The reservoir of the Nam Ngum hydropower dam in Vientiane province is a wonderful place to spend a day or two in the fresh air enjoying nature's pleasures.

Many people refer to the reservoir as Thale Lao (the Lao sea) because without a coastline Laos doesn't have any sea and the vast expanse of the reservoir can sometimes be considered a substitute, especially when viewed in photographs.

A man fishes from the rocks in front of the guesthouse.

The reservoir is situated in Thalath, Keo-oudom district, about 90km north of Vientiane.

The hydropower dam is built on the Nam Ngum river, which is a major tributary of the Mekong. It was the first hydropower plant built in Laos and was constructed in three stages, beginning with stage I in 1968 and ending with the completion of stage III in 1984.

Most people go to the reservoir at weekends and stay for two or three days.

I recommend staying at the Sala Teukbet Guesthouse, which has nice rooms as well as camping facilities.
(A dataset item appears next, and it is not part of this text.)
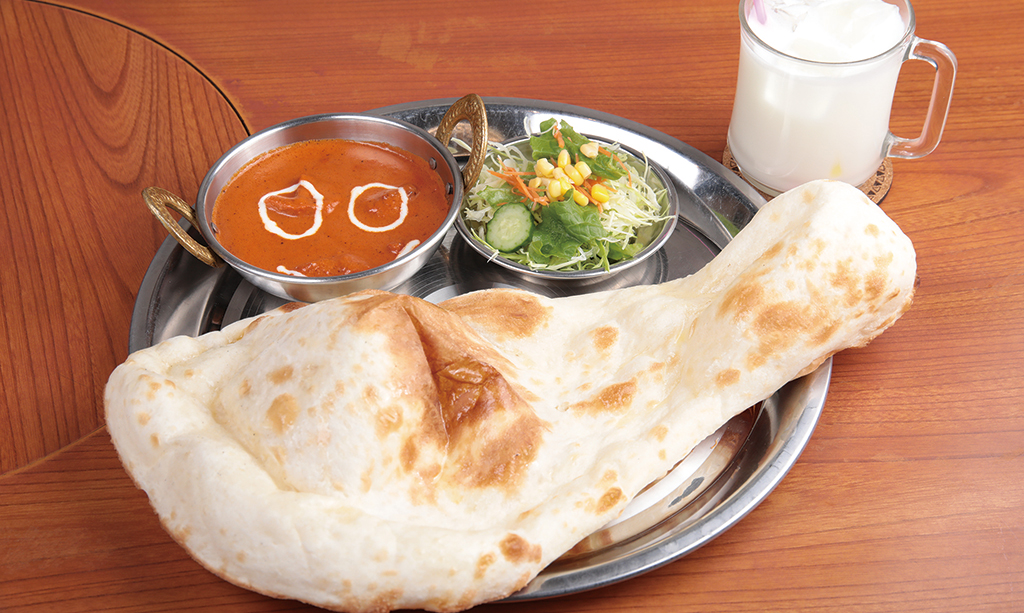 20種以上のスパイスを調合した奥深い香りがただようこちら。Aセットは毎日変わる3種のカレーから1種を、Bセットでは2種が選べます。新しい味への挑戦もセットなら気軽! お皿からはみ出すほど大きな焼きたてナン、またはライスとどうぞ!

It has great views over the water and provides tasty local food.

The guesthouse is a 10 or 15 minute drive away from the dam itself and is the last guesthouse on the road.
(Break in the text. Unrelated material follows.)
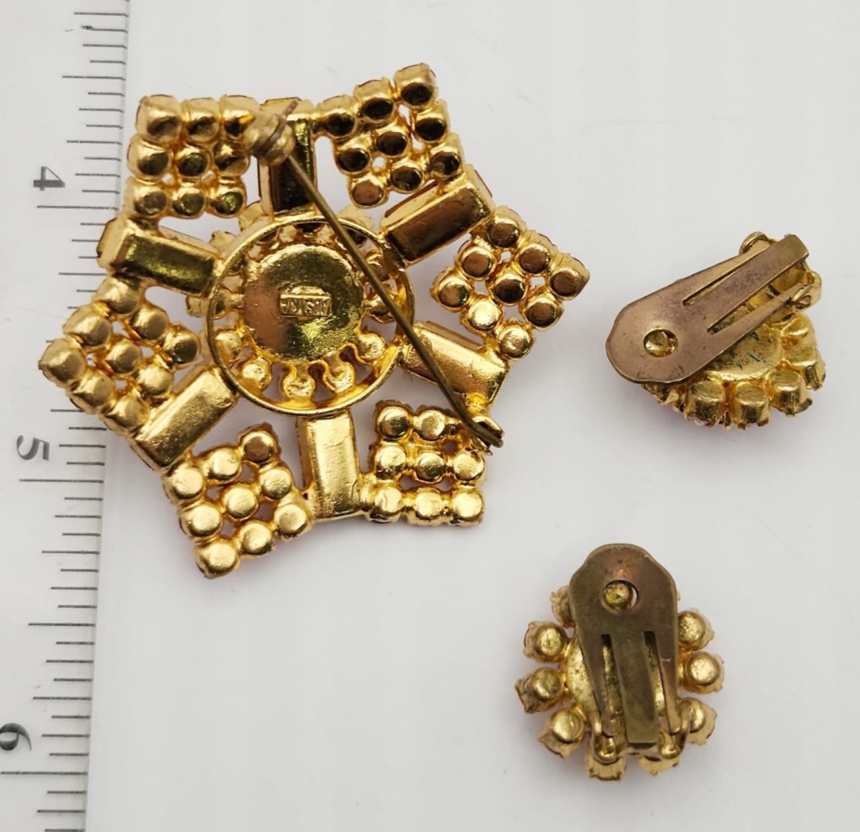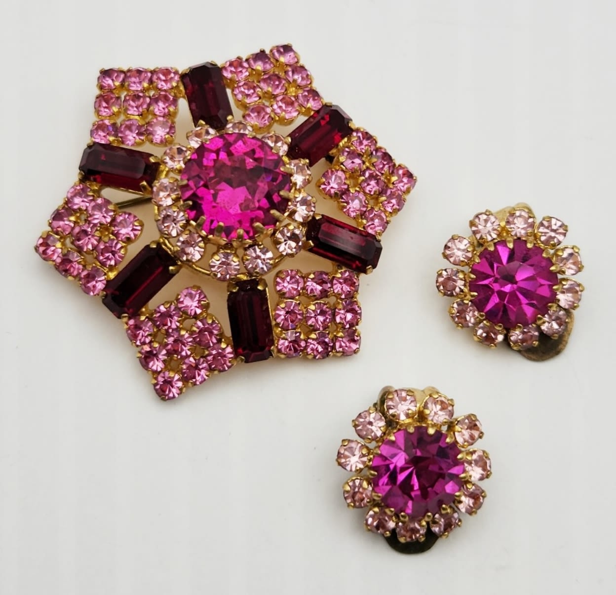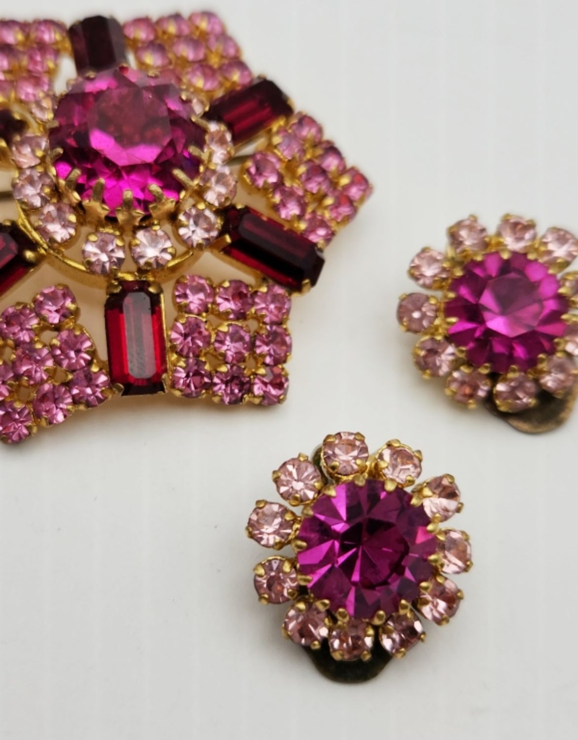 RHINESTONE BROOCH WITH MATCHING PAIR OF CLIP ON EARRINGS-MADE IS AUSTRIA

You can stay in a room or camp. I preferred to sleep in a tent so that I could be closer to the water and even feel its presence while asleep.

About 4pm, before you start to settle down in the tents, make your way to the rocks by the water in front of the guesthouse where the camp is set up and try your luck with a fishing rod.

If you are lucky and it's not windy, you will haul in a respectable catch of pa sakang while quenching your thirst on some soft drinks.

This place is very quiet and there are no other guesthouses nearby, just some local residents wandering past. You have a great sense of freedom and also feel at home because the guesthouse staff are very friendly.

It's even better if someone in your group can play the guitar because the water's edge is an atmospheric place to sing a few folk songs.

As the sun fades and it gets dark and even quieter, you might see some lights over the water. At around 9pm some of the locals will take their boats out to where the lights have been placed and catch small sprats known as pa keo .

Some of the fishermen work at the restaurant but of course by that time it's rather late to eat. But if the restaurant is not yet closed you can buy some pa keo from the fishers and ask the restaurant to make koi pa keo which is truly delicious because the fish is fresh. It's a firm favourite on the menu there.

It's quite hot these days but you won't notice it so much by the water because there's always a cool breeze.

If you sleep in a tent you won't wake up late because the sun will wake you early. But you shouldn't wait until sunrise because the early morning is really the best time to breathe in the freshest air.

If you walk by the water in the early morning you'll see some of the fishermen returning in their boats will nets full of sprats. They set out at midnight to go fishing and stay in their boats until dawn.

There's plenty to do in the daytime; you can wander around the shore or take a boat trip to one of the many islands and see the handicrafts made by people there.

Before going home, don't forget to stop at the local market where they sell a fine selection of fish and locally made handicrafts.